▸ **Data for this exercise**
+---+

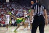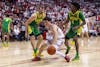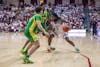 Indiana and Oregon basketball players fight for the ball during the game against Oregon on Feb. 9, 2026, at Simon Skjodt Assembly Hall in Bloomington. With the win, the Hoosiers moved to stand 8-6 in the Big Ten.
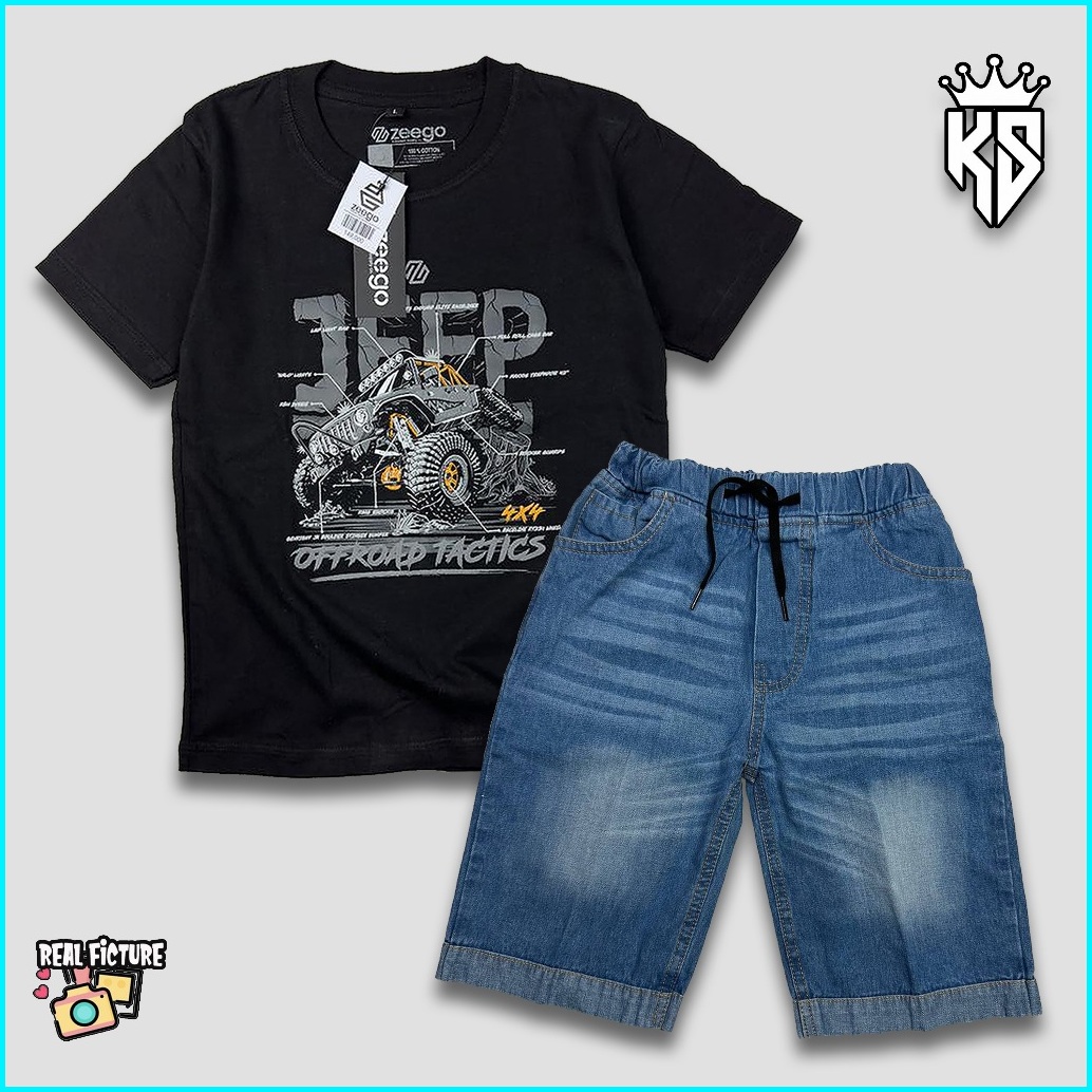 Setelan Anak Celana Jeans Setelan Jeans Anak Laki-laki Setelan Kaos Celana Jeans Usia 3-12 Tahun
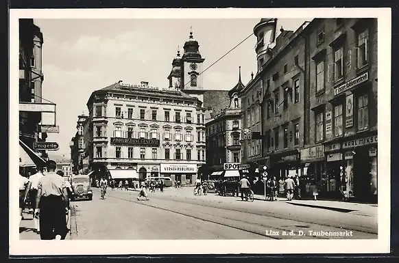 AK Linz a.d. Donau, Taubenmarkt mit Geschäften
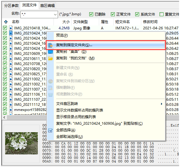 5、将扫描结果中的数据复制到其他盘,完成恢复过程。
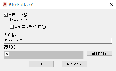 [自動再表示を使用]を選択すると、ソフトウェアを起動するたびに、リンクされたツール パレットが更新され、ツール カタログのツール パレットやその内容に行った変更が反映されます。
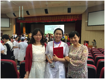 5月31日—6月2日,全国职业院校技能大赛中职组“护理技能”赛项在江苏省南京市南京卫校正式举行。 经过三天激烈的角逐,我院学生许云明(中专部13护理103班)获得全国职业院校技能大赛中职组“护理技能”赛项一等奖,刘菲菲老师荣获优秀指导教师奖,所属的福建代表队获得一等奖2名、二等奖2名、三等奖1名的佳绩。 通过护理技能的竞赛,充分展示了我院白衣天使们的青春风采,也反映出我院护理职业教育的办学实力和水平。
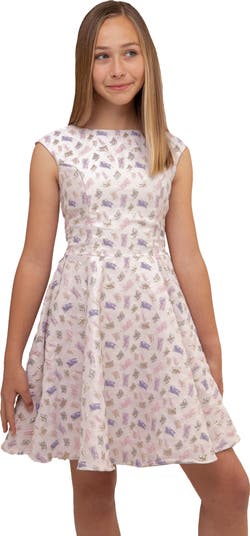 A splash of metallic fibers brings glamorous shine and light texture to a party-ready fit-and-flare dress that will keep your child shimmering under the lights.
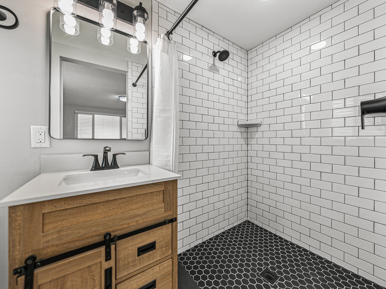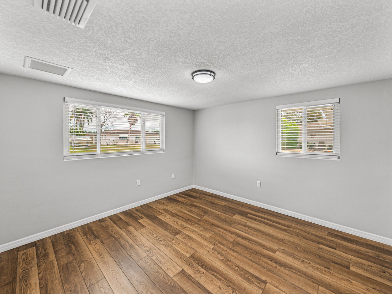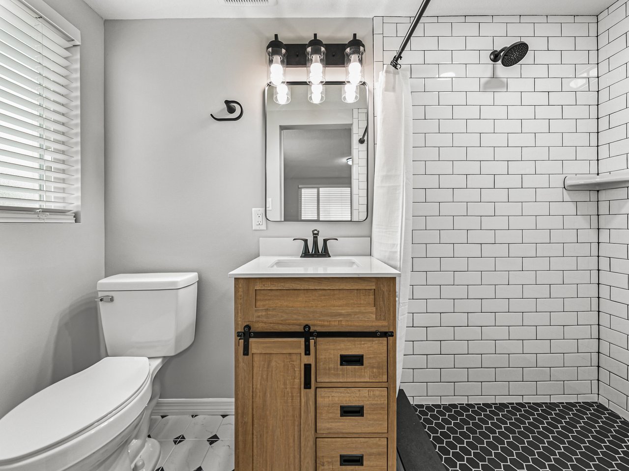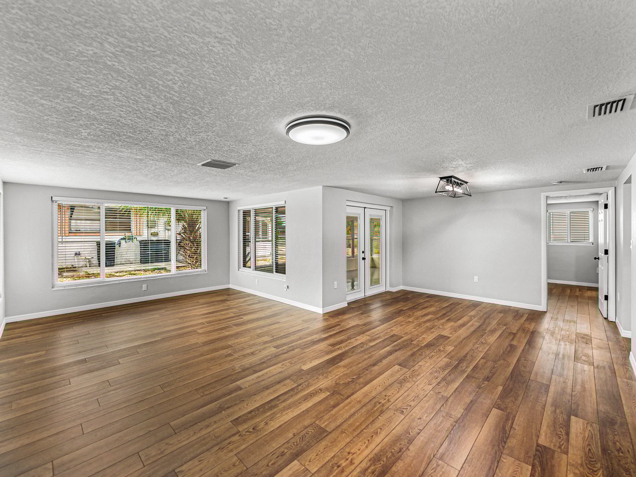A picture perfect corner lot in the heart of Port Richey, this completely refreshed 3 bedroom, 2 bath, 1 car garage home delivers modern style and exceptional living from top to bottom. The curb appeal captivates with a freshly painted exterior, new landscaping and lighting, and added parking pads for extra guest parking, a boat or RV. Every major component has been updated since 2017, including the roof, AC, water heater, and windows, while the full interior transformation was completed in 2025. Step inside to find all-new luxury vinyl plank flooring, interior paint, doors, hardware, lighting, and beautifully redone bathrooms and kitchen. This kitchen is an absolute standout, featuring brand new stainless steel appliances, soft-close cabinetry, granite countertops, a decorative backsplash, and matte black hardware and lighting for a designer finish. With its easy access to both the pantry and garage, unloading groceries couldn't be simpler. Natural light fills the main living areas, where the living room flows seamlessly into the dining room, accented by a modern chandelier and French doors that open to the sunroom, creating the ultimate entertainer's layout with a polished, cohesive style that shines from room to room. The primary suite is privately tucked away and provides a large walk-in closet and a completely redone ensuite bathroom, both highlighted by trendy barn doors. The ensuite showcases a new modern rustic vanity, new toilet, updated flooring, and a walk-in shower with decorative subway tile detailing. Two comfortable guest bedrooms are located on the other side of the home, each offering new lighting, flooring, closet doors, and shelving. They share a fully renovated bathroom with a new oversized vanity, new toilet, and a fresh tub/shower combo accented by decorative blue tile that adds a perfect pop of color. Enjoy Florida living at its finest with multiple outdoor spaces to relax and unwind, an attached enclosed porch ideal for morning coffee, and an open patio ready for a tranquil fire pit setup. Beautifully finished epoxy floors in both the garage and sunroom add durability and a clean crisp look- even the driveway has been refreshed, creating a truly turnkey home from start to finish! Completely move-in ready and close to shopping, dining, and entertainment, this home is waiting for its newest owner. Don't miss your chance to make it yours, schedule your showing today and fall in love with this stunning Port Richey retreat!
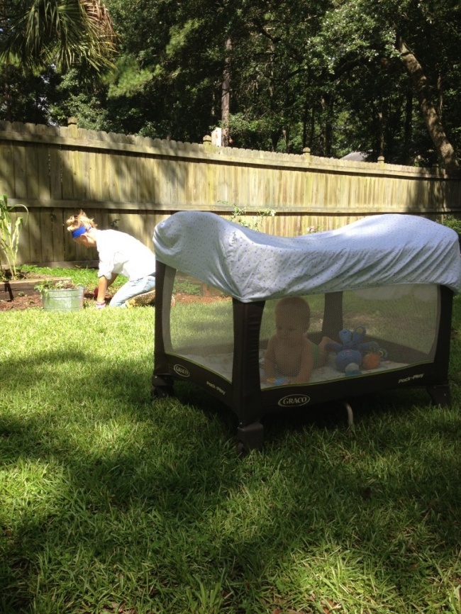 Cover the baby cot with a sheet for your kid to avoid heatstroke and bug bites.

+---+

▸ **Instructions for the task**
A verbatim copy of the data, with all pictures omitted, is the required output.

▸ **Task response**
 Indiana and Oregon basketball players fight for the ball during the game against Oregon on Feb. 9, 2026, at Simon Skjodt Assembly Hall in Bloomington. With the win, the Hoosiers moved to stand 8-6 in the Big Ten.
 Setelan Anak Celana Jeans Setelan Jeans Anak Laki-laki Setelan Kaos Celana Jeans Usia 3-12 Tahun
 AK Linz a.d. Donau, Taubenmarkt mit Geschäften
 5、将扫描结果中的数据复制到其他盘,完成恢复过程。
 [自動再表示を使用]を選択すると、ソフトウェアを起動するたびに、リンクされたツール パレットが更新され、ツール カタログのツール パレットやその内容に行った変更が反映されます。
 5月31日—6月2日,全国职业院校技能大赛中职组“护理技能”赛项在江苏省南京市南京卫校正式举行。 经过三天激烈的角逐,我院学生许云明(中专部13护理103班)获得全国职业院校技能大赛中职组“护理技能”赛项一等奖,刘菲菲老师荣获优秀指导教师奖,所属的福建代表队获得一等奖2名、二等奖2名、三等奖1名的佳绩。 通过护理技能的竞赛,充分展示了我院白衣天使们的青春风采,也反映出我院护理职业教育的办学实力和水平。
 A splash of metallic fibers brings glamorous shine and light texture to a party-ready fit-and-flare dress that will keep your child shimmering under the lights.
A picture perfect corner lot in the heart of Port Richey, this completely refreshed 3 bedroom, 2 bath, 1 car garage home delivers modern style and exceptional living from top to bottom. The curb appeal captivates with a freshly painted exterior, new landscaping and lighting, and added parking pads for extra guest parking, a boat or RV. Every major component has been updated since 2017, including the roof, AC, water heater, and windows, while the full interior transformation was completed in 2025. Step inside to find all-new luxury vinyl plank flooring, interior paint, doors, hardware, lighting, and beautifully redone bathrooms and kitchen. This kitchen is an absolute standout, featuring brand new stainless steel appliances, soft-close cabinetry, granite countertops, a decorative backsplash, and matte black hardware and lighting for a designer finish. With its easy access to both the pantry and garage, unloading groceries couldn't be simpler. Natural light fills the main living areas, where the living room flows seamlessly into the dining room, accented by a modern chandelier and French doors that open to the sunroom, creating the ultimate entertainer's layout with a polished, cohesive style that shines from room to room. The primary suite is privately tucked away and provides a large walk-in closet and a completely redone ensuite bathroom, both highlighted by trendy barn doors. The ensuite showcases a new modern rustic vanity, new toilet, updated flooring, and a walk-in shower with decorative subway tile detailing. Two comfortable guest bedrooms are located on the other side of the home, each offering new lighting, flooring, closet doors, and shelving. They share a fully renovated bathroom with a new oversized vanity, new toilet, and a fresh tub/shower combo accented by decorative blue tile that adds a perfect pop of color. Enjoy Florida living at its finest with multiple outdoor spaces to relax and unwind, an attached enclosed porch ideal for morning coffee, and an open patio ready for a tranquil fire pit setup. Beautifully finished epoxy floors in both the garage and sunroom add durability and a clean crisp look- even the driveway has been refreshed, creating a truly turnkey home from start to finish! Completely move-in ready and close to shopping, dining, and entertainment, this home is waiting for its newest owner. Don't miss your chance to make it yours, schedule your showing today and fall in love with this stunning Port Richey retreat!
 Cover the baby cot with a sheet for your kid to avoid heatstroke and bug bites.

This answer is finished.